Our study aimed to provide the first comprehensive assessment of whether response time models that included time-variant collapsing thresholds or urgency signals can be used as “measurement tools” to reliably estimate the latent parameter values of interest. Previously within the collapsing thresholds literature, the goal of parameter estimation has mostly been ignored in favor of model inference, although both goals should be viewed as important. We assessed five different models through parameter recovery simulations, which looked at whether the drift rate, threshold, and time-varying threshold/urgency parameters could be recovered for each. We performed these parameter recoveries within a constant-evidence only paradigm—the standard within rapid decision-making—and a paradigm with both constant-evidence and changing-evidence conditions.

Our results demonstrate that where parameter inferences are considered, there are substantial differences between the caution/urgency modulation models assessed here. Specifically, only two of these models, the diffusion decision model with a linearly collapsing threshold and the urgency gating model formulated with a leakage process, are able to accurately recover their own parameters. Of those two, however, only the CTDDM has an estimable parameter reflecting the relative importance of time-varying caution/urgency. While the leakage formulated UGM is recoverable, this is only the case once the “strength of urgency” parameter (u) is removed, since it is mathematically unidentifiable based on response time data. While other models are capable of recovering some of their parameters, only the CTDDM is capable of recovering the critical parameters associated with caution.

One other interesting finding of our recovery study was that changing evidence conditions appear to aide the recovery of parameters for all models.

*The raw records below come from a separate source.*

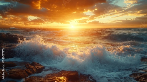 © Ampere, Fototapeta premium Breathtaking Sunset Over Tranquil Ocean Waves with Vibrant Colors Creating a Peaceful Atmosphere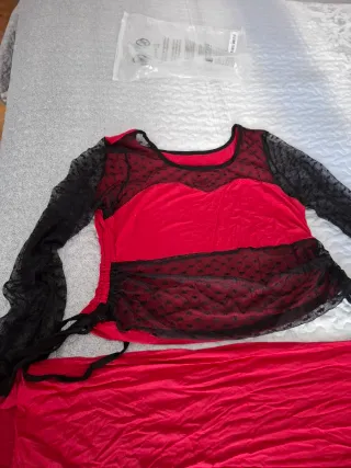 Conjunto de dos piezas para danza oriental, con un diseño vibrante y elegante. - Top con mangas largas de malla negra con lunares. - Falda larga roja con abertura. - Cinturon no incluido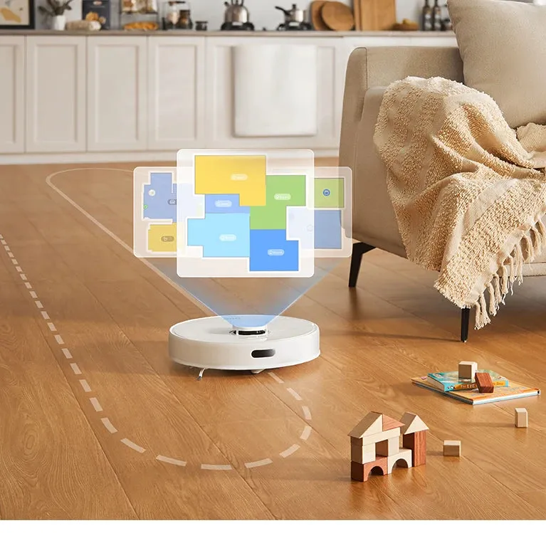 - Navegación inteligente con mapeo láser (LIDAR): Gracias a su tecnología de mapeo láser LIDAR, el D10 Plus Gen 2 puede mapear de forma precisa el entorno de tu hogar, lo que permite una navegación más eficiente y evita obstáculos. El sistema asegura que el robot cubra toda el área de limpieza de manera lógica y sin repeticiones.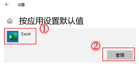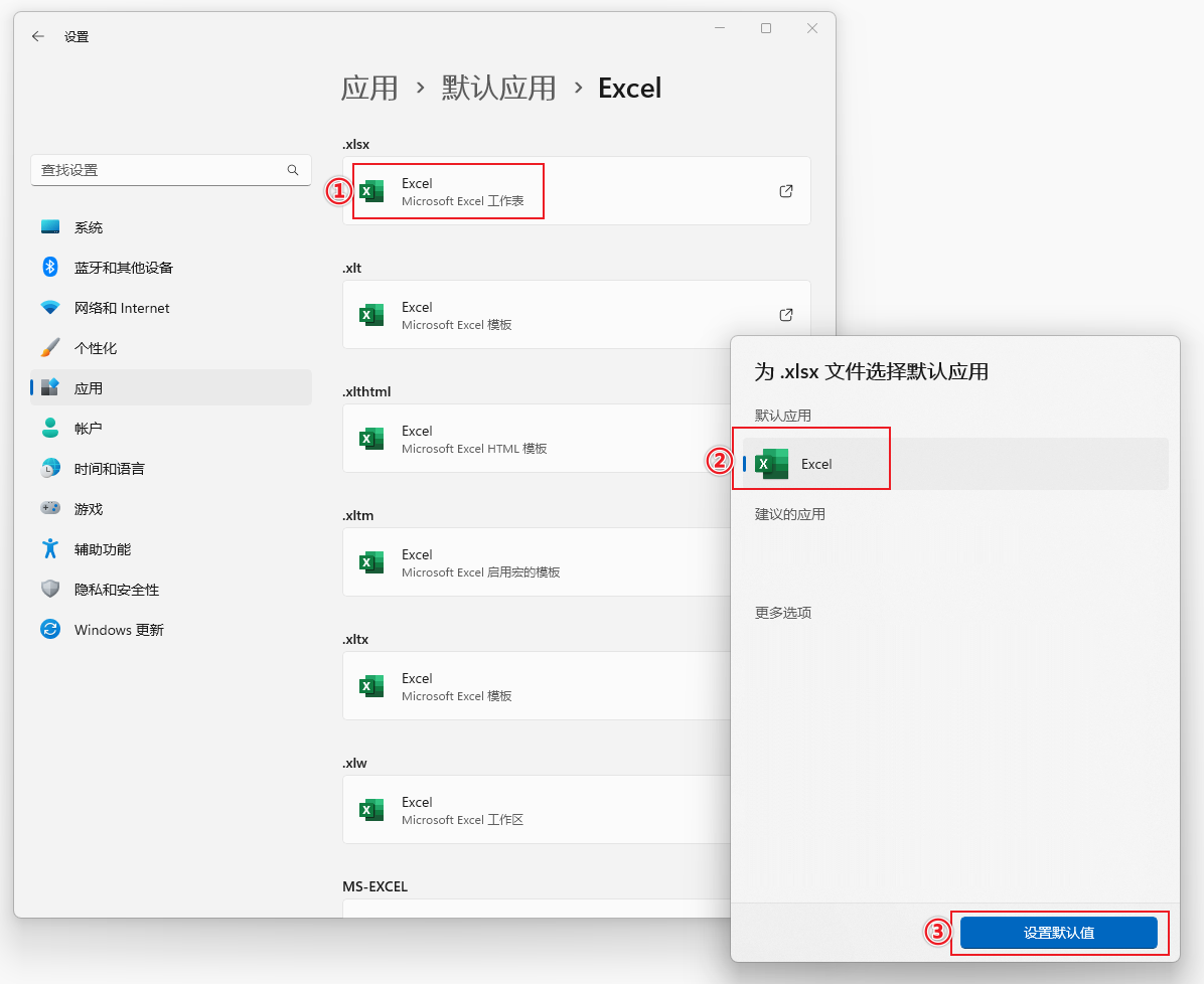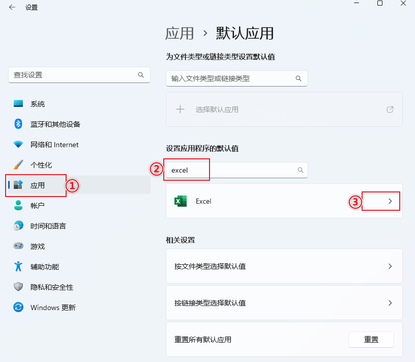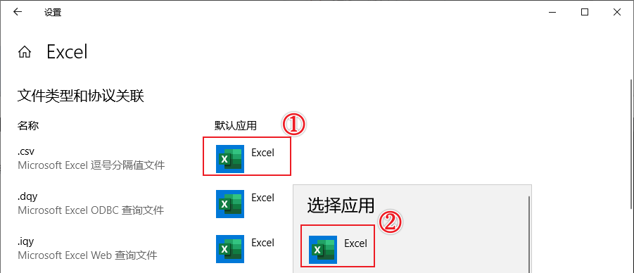 Windows 设置(快捷键:Win + I) → 应用 → 按应用设置默认值 → 输入“Excel” → (点击筛选出来的结果)。

Importantly, this finding may have potential implications beyond the time-varying models that we assess within this study, to other decision-making models that have previously shown recovery issues. For example, the study of Miletić et al., (2017) found that the leaky-competing accumulator (LCA; Usher and McClelland2001), a neurally motivated model of decision-making, exhibits parameter recovery issues. As the LCA naturally extends to changing-evidence paradigms, the additional constraint may improve the recovery of the parameters, as it did with the models in our study. However, it should be noted that the improvements we observed were fairly minor, and no model parameters qualitatively shifted from “non-recoverable” to “recoverable” due to the addition of changing evidence. Regardless, future research could potentially investigate the recovery of the parameters of the LCA—as well as other difficult to recover models—within changing-evidence paradigms.

Based on our findings, we make the following recommendations to researchers who wish to investigate or apply models with time-variant components. Firstly, we recommend that if parameter estimation is the goal, then researchers use either the CTDDM with a linear collapse, or the UGM with a leakage process. If the relative strength of time-varying caution/urgency are of primary importance, then the CTDDM should be used. Alternatively, if another type of time-variant model is of key theoretical interest, like a CTDDM with a Weibull collapse, we recommend that researchers stick to the goal of model inference, that is contrasting different models based on how well they fit data, rather than basing conclusions on parameters, since the parameter estimates from these models do not appear to be robust. In all cases, we strongly recommend that proper parameter recovery assessments are performed before using the parameters of any time-varying model for inference, as we have shown that small changes to the formulation of a model can result in a lack of robustness of the parameter estimates.